# Collet help needed



## gav (Oct 12, 2009)

Whilst in Australia my brother kindly bought me an el cheapo chinese unbranded router. The specs are good and it runs well and came with over $100 of bits al for $75 !!
This is my dilema now. It came with a 1/2 inch collet, a 1/4 collet and an 8 mm collet. 
Very handy as I have a lot of 8mm bits as they are standard here in europe, and I was happy to be able to use the larger 1/2 bits that can be found quite cheaply on ebay.
I have since found a company in Holland that sells 12mm bits at reasonable prices and am now trying to find a 12mm collet for this router.

Here's a pic of the 8mm collet. Has anyone got collets like this for their router ? As mine is unbranded, I need to find a brand that uses these collets.
The upper diameter is 18mm and the lower 15mm if that helps.


----------



## Titus A Duxass (Jan 6, 2010)

Don't know about collets but Trend do a 1/2" to 12mm sleeve - I have one and it works well.


----------



## istracpsboss (Sep 14, 2008)

Crawford Collets probably do them but you'd need to see your bank manager first !
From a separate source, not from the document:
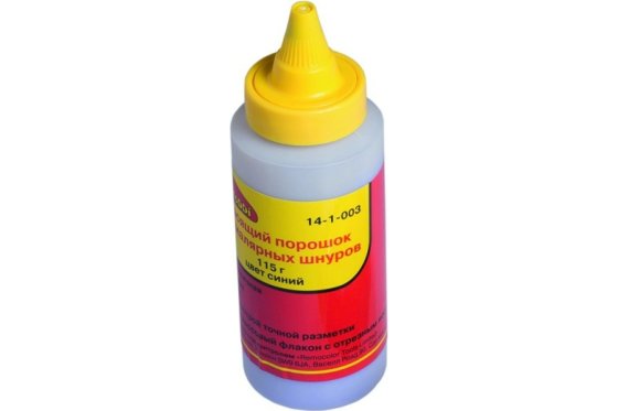 Красящий порошок для малярных шнуров РемоКолор синий, 115 г 14-1-003 упакован в пластмассовый флакон с отрезным носиком.

Those aren't like any of mine.

Cheers

Peter


----------



## dutchman 46 (May 23, 2007)

Is there a chance of finding a 1/2 inch to a MM sleeve that will work? It is just a thought. Then the question must be asked, How well dose the Colet work? Some of them to not work as well. because of the finish,


----------



## gav (Oct 12, 2009)

Titus A Duxass said:


> Don't know about collets but Trend do a 1/2" to 12mm sleeve - I have one and it works well.


Hmm, looked on their site and that one is not listed. Must be awfully like tin foil with only a 0.35 mm wall thickness.

Where did you get yours and how long ago ?


----------



## Titus A Duxass (Jan 6, 2010)

It appears that Trend no longer do them.
Sautershop still do them - 

– www.sautershop.de

It'll cost you 10 yoyos though + postage.

I've just had to buy another because I threw the last one out in some rubbish!
Doh!


----------



## dutchman 46 (May 23, 2007)

Hi Gavin! Here is a place that You may want to check out. You did not give a name, but I looked any. Give it a try!wood router bit products - Buy cheap wood router bit form wood router bit wholesalers from china

This one may be better, :http://www.chinasuppliers.globalsources.com/china-suppliers/Routers.htm


----------



## istracpsboss (Sep 14, 2008)

dutchman 46 said:


> This one may be better, :Routers China Manufacturers


I was intrigued by one of the listings 
Router
12mm Router with Input Power of 1,600W, Drill/Hammer Function and 230V Voltage

Must be for hardwoods ! VBG !

Cheers

Peter


----------



## dutchman 46 (May 23, 2007)

It's a bit different that I am used to!


----------



## istracpsboss (Sep 14, 2008)

Love the speeds on this one ! We have lift off!

China Router. Shenzhen Trading Company


----------



## gav (Oct 12, 2009)

I think someone got a bit confused with that listing because it also says it spins in reverse also !


----------



## stuartwatson (Jun 13, 2011)

an adaptor as last guy said will work but
have a similar to yours and is an own make brand from b and q uk 
they will supply by post 
maybe bout 10 euro 
good luck 
stuart 
england


----------



## Paddy37 (Apr 25, 2011)

Hi Gav, that looks like a Triton copy. Even the fence looks the same. Have you tried their website?

Good Luck


----------



## Phil P (Jul 25, 2010)

istracpsboss said:


> Love the speeds on this one ! We have lift off!
> 
> China Router. Shenzhen Trading Company


Wow! China obviously leads the world in bearing technology!


----------



## jschaben (Jun 21, 2009)

istracpsboss said:


> Love the speeds on this one ! We have lift off!
> 
> China Router. Shenzhen Trading Company


Turbine maybe:dance3:


----------